La memoria de la Shoah duele. Choca, asusta, desestabiliza y, sin embargo, paradójicamente, también tranquiliza: eso les ocurrió a ellos, no a nosotros. Somos distintos. Somos diferentes.

Pero no. Pasó y puede volver a suceder. A otros. A ellos. A nosotros. Es más, lo ocurrido preocupa al resto del mundo mucho más que a las víctimas. La historia es de quienes la hacen y no de quienes la sufren y dentro de esa historia ella se convierte en cenizas, en humo, en nada como si nunca hubiera existido. Esto es lo que ocurrió con los millones de víctimas eliminadas por la historia en las cámaras de gas, en los crematorios, en las fosas comunes diseminadas por toda Europa. La Shoah es la memoria del mundo, de la Europa donde todo ocurrió, de la humanidad de aquella época que actuó, vio, sintió, vivió. El ritual de la memoria es, debe ser, para todos y de todos, también de las otras víctimas, de aquellas que negaron esa historia e intentaron borrarla del mundo.

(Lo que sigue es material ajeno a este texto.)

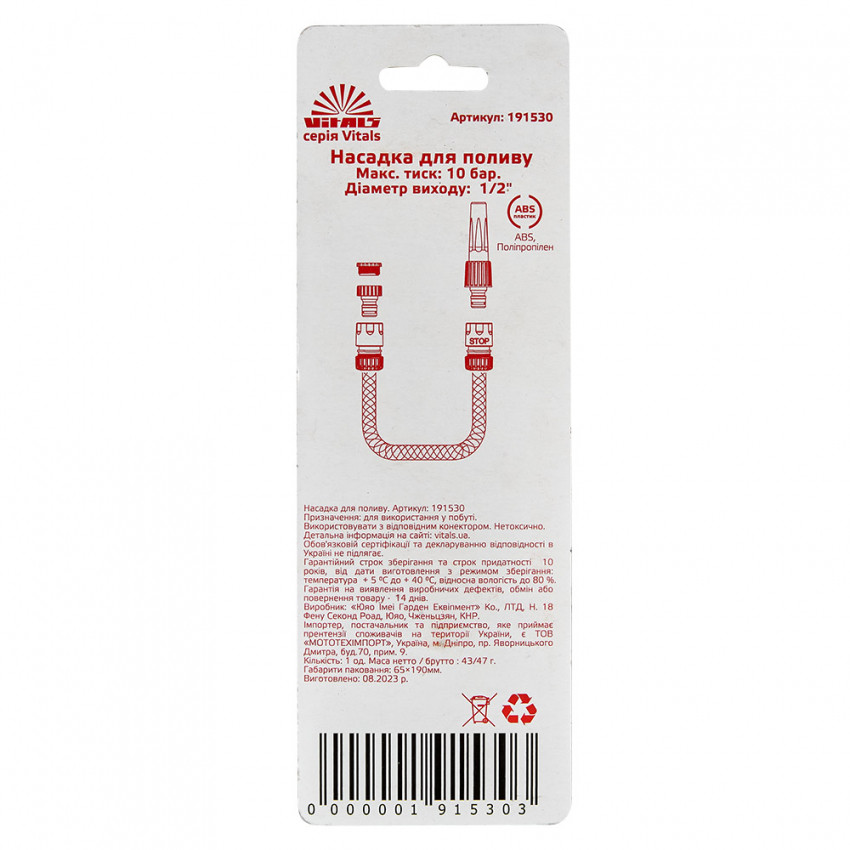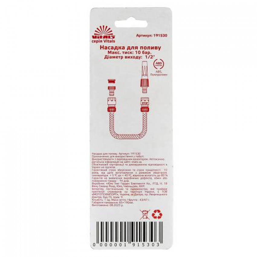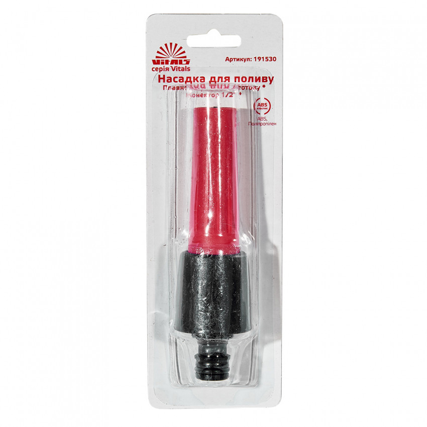 Насадка для поливу з плавним регулюванням потоку води для конектора ½" Vitals застосовується для поливу рослин при підключенні до водопровідного шлангу.
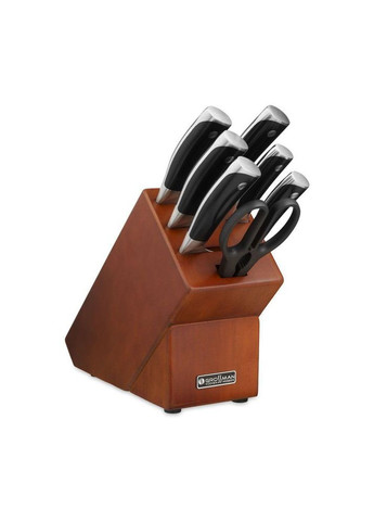 Набір кухонних ножів Grossman Diaman складається з: Шеф-ніж - 330 мм Хлібний ніж - 330 мм Ніж для нарізки м'яса - 325 мм Сантоку - 310 мм Універсальний ніж - 235 мм Ніж для очищення овочів та фруктів - 190 мм Кухонні ножиці - 207 мм Переваги набору: Diaman – класичний набір якісних ножів для кухні Ножі виготовлені із нержавіючої сталі марки 1.4116 від німецької компанії Tussen Krupp AG. Це дійсно якісна європейська сталь. Класичний дизайн. Поліроване дерево - екологічний та солідний матеріал. Ножі виглядають стильно, а їхні рукояті міцні та зручні. Набір чудово впишеться в інтер'єр сучасної європейської кухні. Міцна конструкція ножа. Клинок переходить повноцінний сталевий хвостовик, що йде на всю довжину рукояті (така конструкція ножа називається "фултанг"). Міцні, стильні та при цьому зручні рукояті. Їхній легкий вигин дозволить менше напружувати кисть руки під час нарізування продуктів. Красива та практична підставка з натурального дерева. Виймати та вкладати ножі легко та зручно, їх рукояті повернуті до вас, а не в стелю. Підставка компактна та стійка. Дренажні отвори в дні оберігають ножі від скупчення стікає з їх клинків води. Німецька нержавіюча сталь 1.4116 значно перевершує ті безіменні марки сталей, з яких виготовлено більшість ножів на полицях наших супермаркетів. Ножі з неї не іржавіють, не тьмяніють, точать гостро, ріжуть добре, не тупляться довго. Недарма безліч кухонних ножів та медичних різальних інструментів у Європі, виготовлені саме з 1.4116 від Tussen Krupp AG. Шеф-ніж Шеф-ніж входить до так званої «великої трійки кухонних ножів». До неї крім нього входять ще універсальний та фруктовий ножі. Але про них поговоримо трохи нижче. Шеф – найбільший із усіх. І найвідоміший. Це – головна зброя праці шеф-кухаря. Їм можна нарізати практично все й у будь-яких кількостях. Особливо якщо врахувати, що даний конкретний ніж зроблений якісно з відмінної німецької сталі. Сантоку Санток - японський варіант шеф-ножа. Також дуже ефективний та зручний у роботі. Останнім часом такі ножі стають дедалі популярнішими. І не дарма. Обов'язково спробуйте щось нарізати. Ніж для нарізки м'яса Цей ніж схожий на невеликий прямий меч. Він створений, щоб в один легкий рух нарізати акуратними шматочками м'ясо, шинку чи ковбасу. Всі розрізи будуть рівними та акуратними, а всі шматочки рівними та однаковими. Універсальний ніж Якщо на професійній кухні більше роботи перепадає шеф-ножу, то домашньої куди частіше знаходиться робота для універсала. Цей ніж оптимальний по довжині та вазі. Він не дуже великий і громіздкий, але й не дуже малий і короткий. Саме ці якості роблять ніж універсальним. Адже різати їм можна практично все, що завгодно. Ніж для нарізки хліба Цей ніж досить сильно відрізняється від решти. Його довгий пилкоподібний меч дозволить акуратно розрізати свіжий хліб або булку, розділити торт. Саме те, що ви пилятимете, а не тиснути і різати, дозволить зробити все чисто і без пошкоджень. Ніж для очищення фруктів та овочів Навіть такому маленькому ножу за грамотного підходу знайдеться маса роботи. Їм знімають шкірку з яблук і шкірку з цитрусових, чистять картоплю, видаляють з неї вічка і насіння з інших плодів. А які дива за допомогою його маневреного клинка творять майстри – тема для окремої великої розмови! Кухонні ножиці Ножиці є практично на будь-якій кухні. Чого ними тільки не роблять. Від р

En cambio, sucede que alrededor del 27 de enero se difunde puntualmente cada año la idea de que la conmemoración es un gesto de homenaje al pueblo judío como objeto de la Solución Final. Un acto simbólico de cortesía colectiva formal. Póstumo. Sazonado, cada vez más, con la furia de otros genocidios…, capaces de atrocidades cada vez mayores y peores. Porque toda realidad de terror acaba superando a cualquier ficción del mal. Precisamente en esa fecha que marca la apertura de las puertas de Auschwitz-Birkenau, cuando el mundo entero se encontró ante el horror del exterminio planeado, organizado y llevado a cabo.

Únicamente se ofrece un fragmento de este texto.